Доедет, аль не доедет? Долетит, аль не долетит? — Судачили шофера. Лужа была рядом с автовокзалом. Точней, автовокзал к ней пристроили. А к нему — столовку, где очень пахнет, и жирные вилки из алюминия, которого стране и для самолетов-то не хватает. За столовкой — одноэтажная, отнюдь не Америка: к ночи хлопали ставни, отсекая программу «Время» от надвигающейся темноты, подобно тому, как она своих зрителей отсекала от огромного подлунного мира.
«Такая жизнь изложена», — тетя, кажется, Фаня, квартирная хозяйка моя. После войны она и ее нынешний муж остались одни, с сыновьями. И еще один — общий, совсем другой, на сводных братьев совсем не похожий, послевоенный.

Все в городе, где плохо будущий гений учился, должно было напоминать о его великой судьбе: бывшая Гимназия высших наук — теперь институт имени его самого, памятник, бюст, заросший кустами бывшего парка, временем превращенного в причудливый лес. Все жители города должны бы Гоголь — вдыхать, выдыхая Яновским.
Но не это вдыхали они, не это они выдыхали. И — не напоминало!
Но было, ведь, было! Сто лет назад!
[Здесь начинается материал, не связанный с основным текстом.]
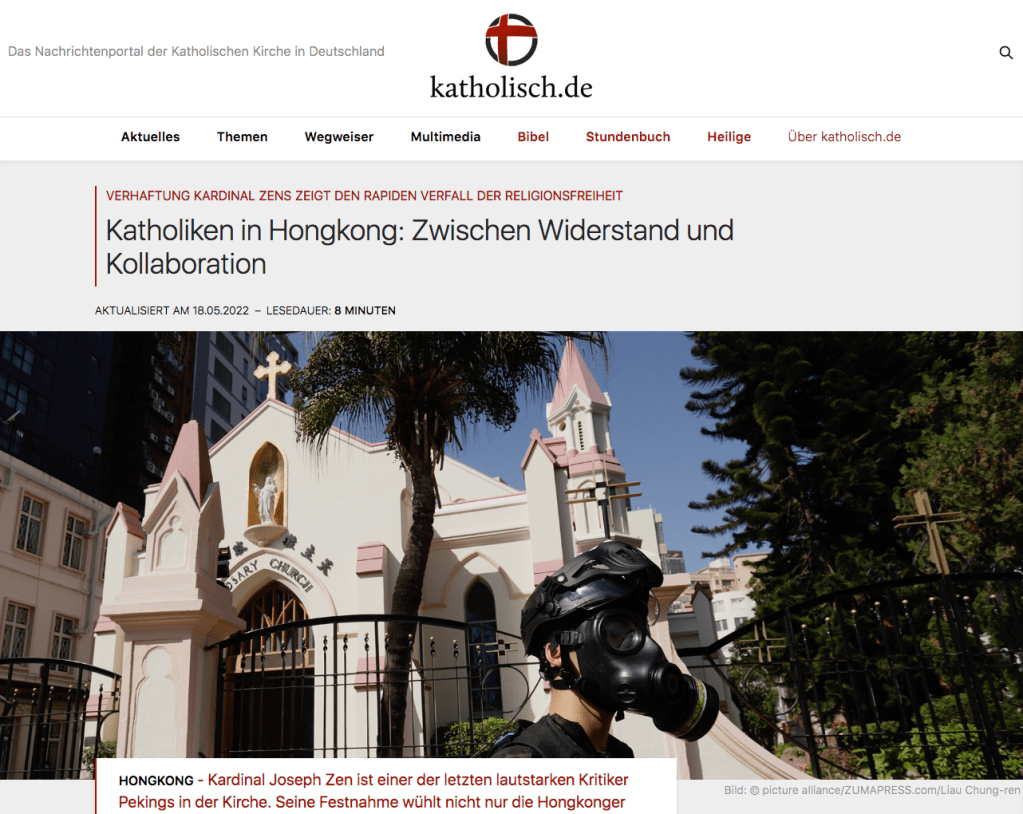 November 17, 2019, Hong Kong, China: A riot police in full protective gear stand guard in front of Catholic Church near Hong Kong Polytechnic University during student’s stand-off with the police outside the Faculty at noon today. (Credit Image: © Liau Chung-ren/ZUMA Wire)

Когда не институт — а лицей, не Царскосельский — заглазный, но все же!
Кто, когда, каким могучим скребком все отскреб, отодрал, отскоблил?
Помутнело, осыпалось, покосилось!
Ответа не даст, не надейтесь.
Лишь могучие кроны гимназически лицейского парка в смутные часы шелестели. «Гоголь!» — Порыв не сильный, короткий. «Яновский!» — Широкий, протяжный. И — вечная бездонно-безбрежная лужа — в малое море — куда по ночам с небес спускалась луна, помнила и она. Только молчала.
С Советской властью в то время у меня не было никаких разногласий, ни стилистических, ни иных: иной власти не ведал. Пытался познать, но глушили. И когда на собрании доцент с внушающей надежду фамилией Живоглядов об этом спросил, я сказал «да». Самые что ни есть деревенские дуры на меня оглянулись.
Собаки удивленно залаяли. Закукарекали петухи, насмехаясь. Их кудлатые куры, кудахча, и те моей глупости подивились.
Какой черт меня дернул?
Речушка!
Волной форель выбрасывает, как из пращи!
Костлявая рыба, однако.

В жизни мне часто везло: людей хороших и разных судьба мне посылала значительно чаще, чем разных. Анатолий Борисович куда надо не сообщил. В этом вскоре я убедился.
Лишь спустя несколько лет дошло до меня, в какое положение его тогда я поставил.
Когда вернулся туда, куда с самого начала Мир народам указывал, доучился и сам стал чему-нибудь как-то учить, один восьмиклассник — тот еще возраст — в сочинении на вольную тему о Кубе, где служил его папа, такое мне написал, что я ему все объяснил. Сообразительный мальчик все понял и что-то из Гоголя — «Мертвые души» тогда проходили — мне процитировал.
Я за цитату его похвалил. Хороший мальчик. И учился неплохо. Как-то из дома в Крым убежал. Нашли и вернули: к родителям, в школу, в семью.
Коллектив в полном составе время от времени насильственно собирали. Рекреационный зал был переполнен. Не пойти возможности не было: даже спортсменов с тренировок снимали и загоняли. Чем дальше от сцены-президиума, тем гул был сильнее. Что там творилось неведомо. Меня это совсем не волновало.
Волновало: придет она вечером в парк, к бюсту Гоголя, в Новолунье! И — без вопросительных знаков. Освещение — как раз, чтоб не споткнуться, не грохнуться, не растянуться.
Любопытно?
Пришла.
Я тогда еще стишок сочинил: были в нем светлые лани. Это аллитерация такая, и, вообще, очень красиво.
Ганц Кюхельгартен!
Кюхельбекерно, как в столовке, что у автовокзала, который у лужи, на берегу, а за ним — и садок, непременно, вишневый, и Грыць — на вечорныцю, уже спотыкаясь, но лужу еще уверенно огибая.
За ним Крутиус (такая фамилия, что поделаешь) — парубок моторный и хлопець, хоч куди казак! Это эпиграмма такая. О декане, однако. И — сочинительница. Как ее звали? Олеся? Нет, что-то потверже. Оксана? Нет, как-то помягче. И на меня, кстати, однажды окрысилась эпиграммой. Однако, забыл.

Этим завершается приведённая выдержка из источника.